Tears of joy are running down my cheeks... Read an amazing letter from my sister. She loves me she loves me she loves me so! :) Happy 24 Princess Cherry from Estonia!

29.4.11

Day 44: Eesti

Istusin just hommikusöögi laua taga ja söin kartulisalatit! Oi, küll oli hea.
Aga siis hakkasid igasugused mõtted pähe voolama: "Eesti, Eesti, kodu... kodu... mmm. kodu. see hapukoor pole ikka õige maitsega. rohkem soola oleks vaja. kodu. kodu. emme-issi. kodu. mmh, imelik hapukoor. aga päris hea. peaks midagi magusat ka sööma..."
Selline hommik siis. Õhtul peame tüdrukutega pidu. Minu pidu. :) Kartulisalat on valmis, Rui-Chi teeb kana ja ostab koogi ja N ostab veini! :) Siis võibolla väike karaoke, tants. Raudselt on nalja jälle ülevoolavalt, eile olime kaks korda pikali maas, sest kõhulihased valutasid naermisest. Ja laupäeval viivad Paul ja Rosie mind randa ja jäätisekohvikusse ja vbl kuskile veel! :) Palju õnne Kirss, sa saad 24. Päris hull? :D
Sa kindlasti praegu mõtled, et miks ta nüüd järsku eesti keeles kirjutab!!??!! Ma lihtsalt tahtsin vahelduseks oma armsas keeles blogida! :)
tsautsau

27.4.11

Day 42: Make up

Make up make up make up. I know I have had quite a few blogs about that topic but here is another one. Just to give you a little glympse whats been going on...

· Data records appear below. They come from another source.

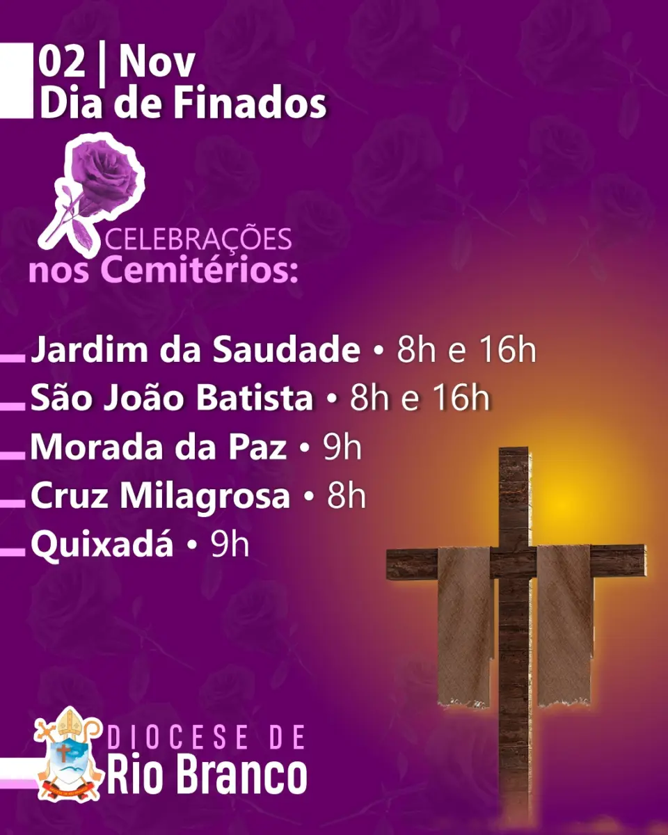 Programação de celebrações do Dia dos Finados. Foto: Diocese de Rio Branco
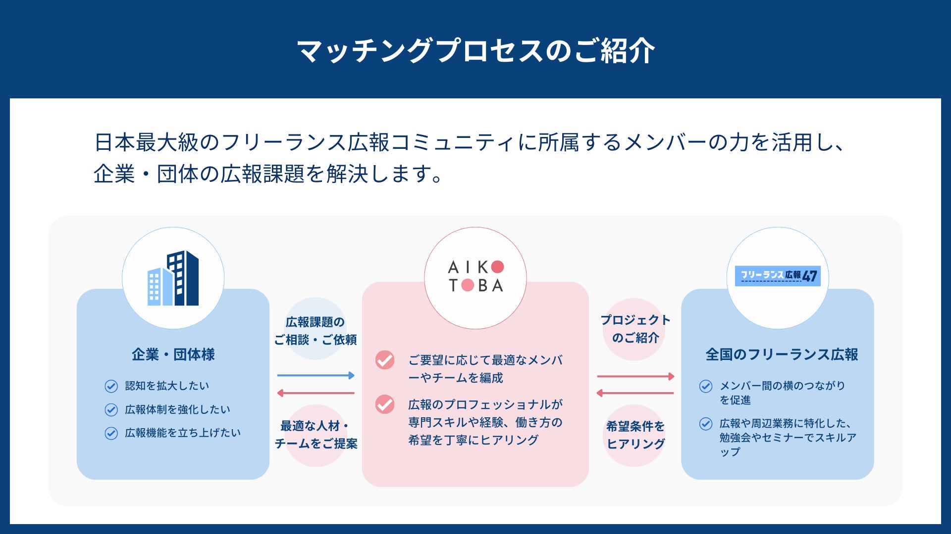 これまでも「フリーランス広報47」の活動の中で、企業とフリーランス広報をつなぐマッチングを個別に行ってきました。
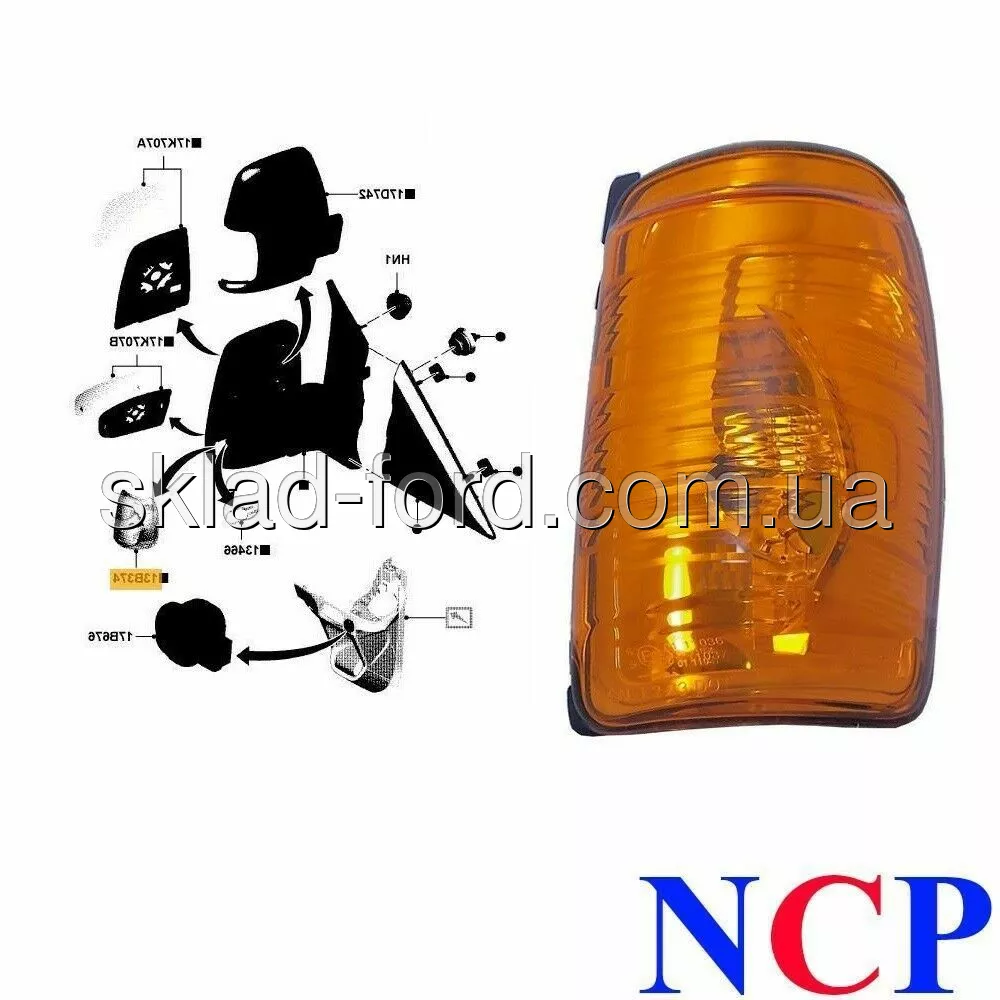 Желтый повторитель правого зеркала TRANSIT 2014--09/2015 длинные серии, HMP BK3113B382BB
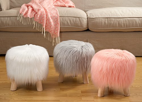 - Made of 100% polyester and three wood support legs faux fur foot stool ottoman
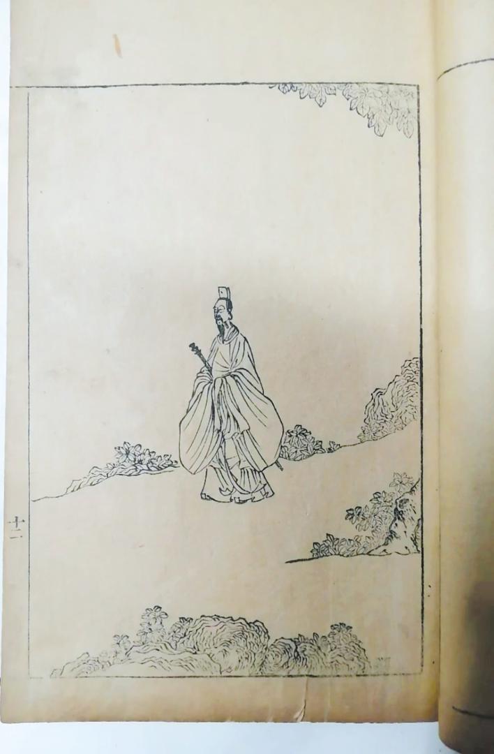 湖北省博物館藏有10余種《楚辭》類文獻(xiàn),包括東漢王逸《楚辭章句》、宋代洪興祖《楚辭補(bǔ)注》和朱熹《楚辭集注》等經(jīng)典版本。其中,明隆慶五年豫章朱多煃夫容館刻本《楚辭章句》,是一部翻宋本,屬于流傳至今的兩種明代單刻本系統(tǒng)之一,曾流傳到日本。另一部明崇禎十一年刻本《楚辭述注》,有陳洪綬所繪《九歌圖》《屈子行吟圖》作為插圖,圖中的屈原形象被奉為經(jīng)典之作,影響很大。古籍多是墨色印刷,少數(shù)為雙色和多色套印本,該館館藏清聽雨齋刻朱墨套印本《楚辭集注》,采用黑紅兩色套版印刷,朱墨燦然,賞心悅目。

So I came here 42 days ago totally addicted to make up. I mean since we broke up with Timo I was having make up on every day just to feel pretty enough. Just to be someone. How can I explain it... I havent been with someone for 4 months now and I just needed this comfort. Even here in Bala, I mean, I work in a B&B and I was putting on make up every morning the first few weeks. But also I have had a lot of conversations with Rui Chi and N about it. Because they are assuring me I dont need make up to be pretty (like Rui Chi said she feels like she is living together with Angelina Jolie). And so for a week now I have had less and less mascara and face powder and today had non. And I actually felt good about myself. I felt pretty. AND I still feel! So here I am. Sitting on a couch writing this blog and thinking that why on earth we women spend so much time, so much money, and so much tears because we dont feel pretty. We dont feel worthy.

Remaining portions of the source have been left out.